Que tal esclarecer algumas dúvidas sobre o que mudou da DIPJ para a ECF?

A Escrituração Contábil Fiscal (ECF), nova obrigação acessória de registros contábeis, passará a fazer parte da vida das empresas jurídicas de todo o país, a partir do próximo mês. Segundo uma nova regra que consta na Instrução Normativa da Receita Federal nº 1.524, a ECF, substituirá a Declaração de Informações Econômico-fiscais da Pessoa Jurídica (DIPJ).

É importante lembrar que a Certificação Digital é essencial para a assinatura da ECF. Nesse caso, é preciso ter uma assinatura digital emitida por Autoridade Certificadora integrante da Infraestrutura de Chaves Públicas Brasileira (ICP Brasil), que não tenha sido revogado e que ainda esteja dentro de seu prazo de validade.

Todas as ações que influenciam na base de cálculo e o valor devido ao Imposto sobre a Renda de Pessoa Jurídica (IRPJ) e da Contribuição Social sobre o Lucro Líquido (CSLL) serão declaradas por meio da ECF. Apontada como um avanço, a Escrituração possui, diferentemente da DIPJ, o sistema de rastreabilidade de informações, que proporciona verificar o Imposto de Renda (IR) e a CSLL. As mudanças que fortalecem os mecanismos de controle tributário, de forma que a Receita Federal realize o cruzamento de dados combatendo sonegação fiscal e evasão de dívidas.

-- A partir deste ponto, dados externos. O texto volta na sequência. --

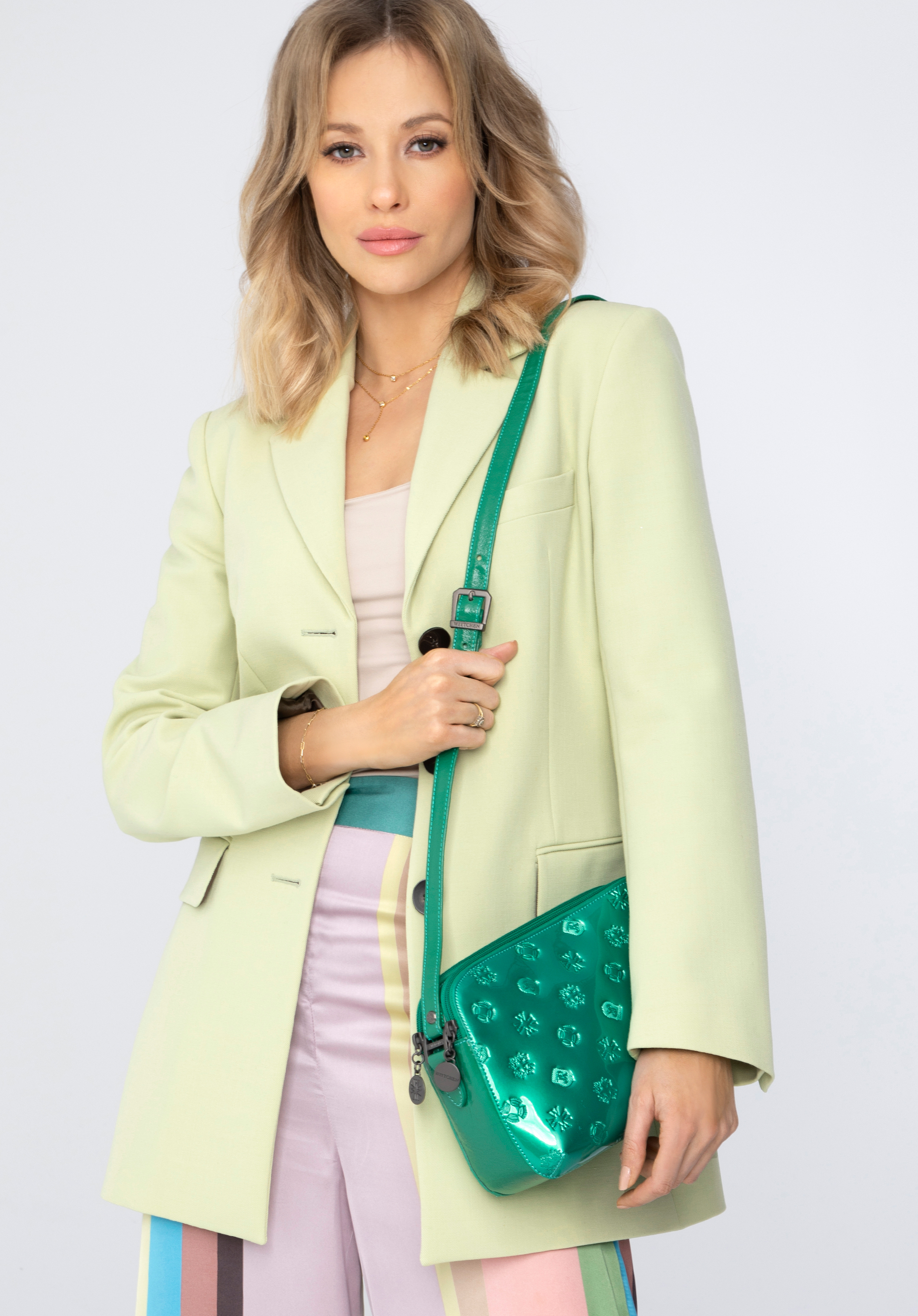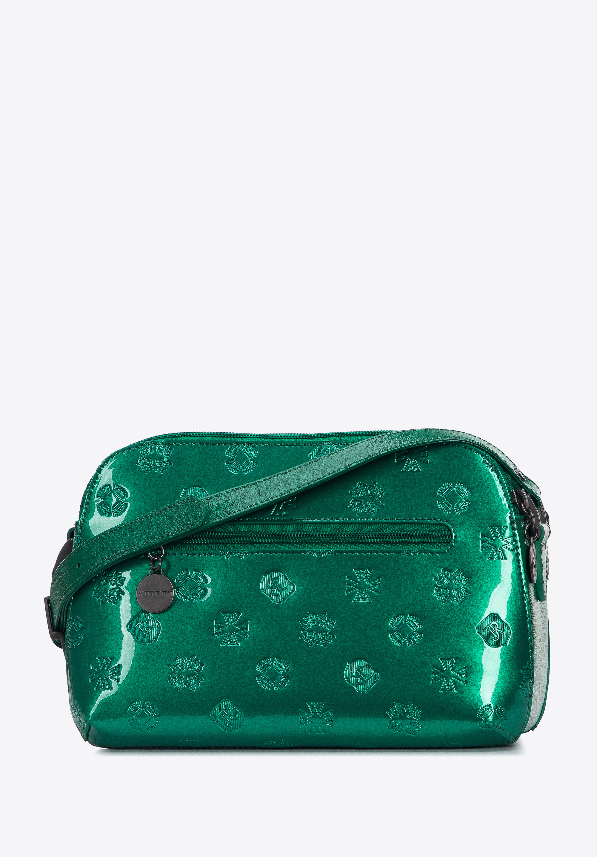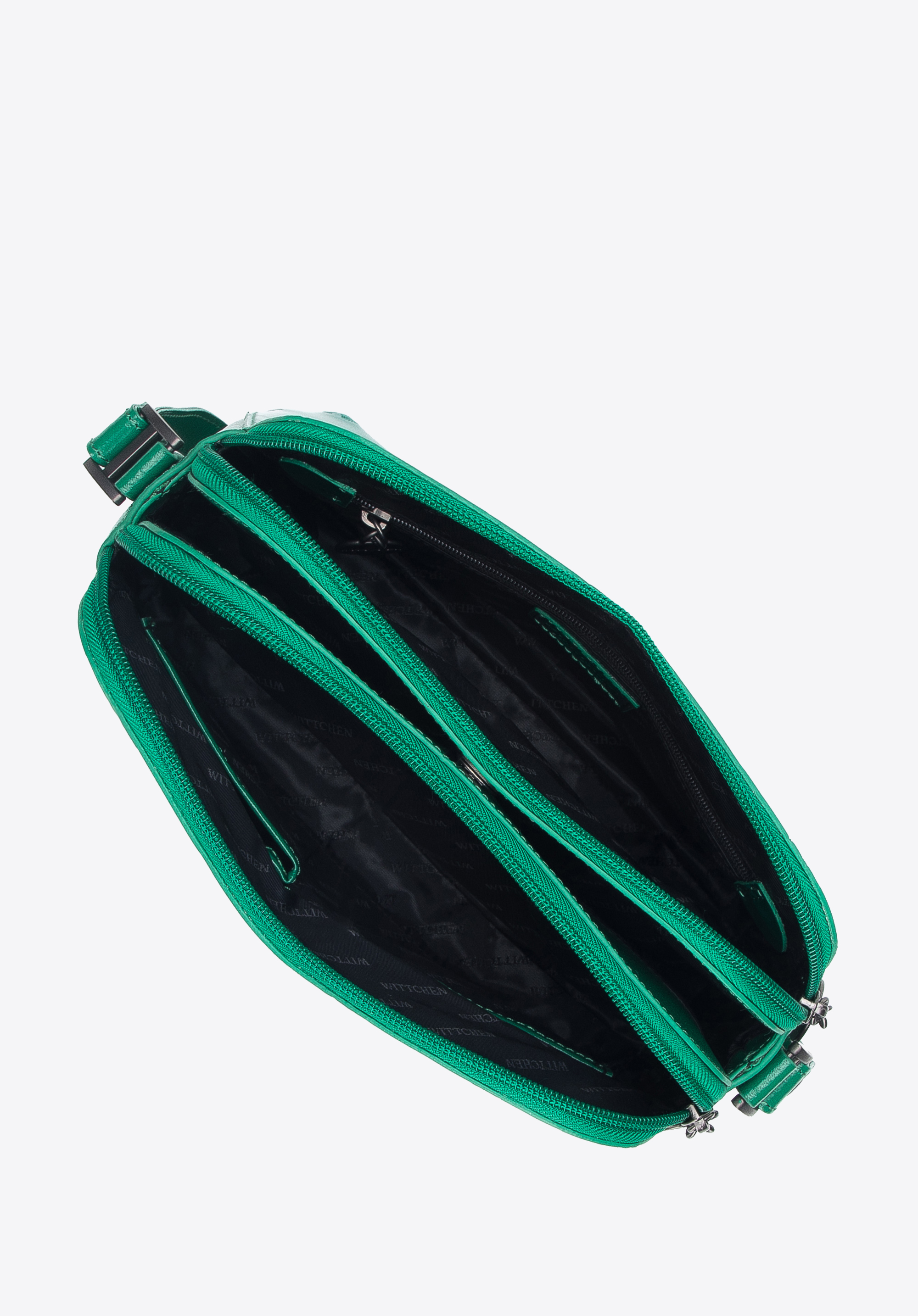 Női táska funkcionális belsővel és a dombormintával tökéletes egységet alkot. Ezt a válltáskát modern, aktív nőknek ajánljuk, akik értékelik a tökéletes szervezést és rendet. Sima, merev falú lakkbőrtáska, melyet WITTCHEN dombornyomott monogramm és ezüst színű matt díszítések ékesítenek. Érdekes a kétféle természetes (lakk és szemcsés) bőr által alkotott összeállítás. Ez a modell 2 jellegzetes színben: fekete és narancs színben kapható.

Enquanto a DIPJ exigia poucas fichas, a ECF é composta por 14 módulos, onde constam a inclusão da Contribuição Social (LACS) e do Livro de Apuração do Lucro Real (Lalur), que não mais será impresso. Na ECF é possível que o contribuinte vincule as informações com o Sped, tendo assim um monitoramento que possibilita identificação de cada ação.

Portanto, investir em gestão contábil será necessário para controle do preenchimento da ECF com números exatos e fidedignos.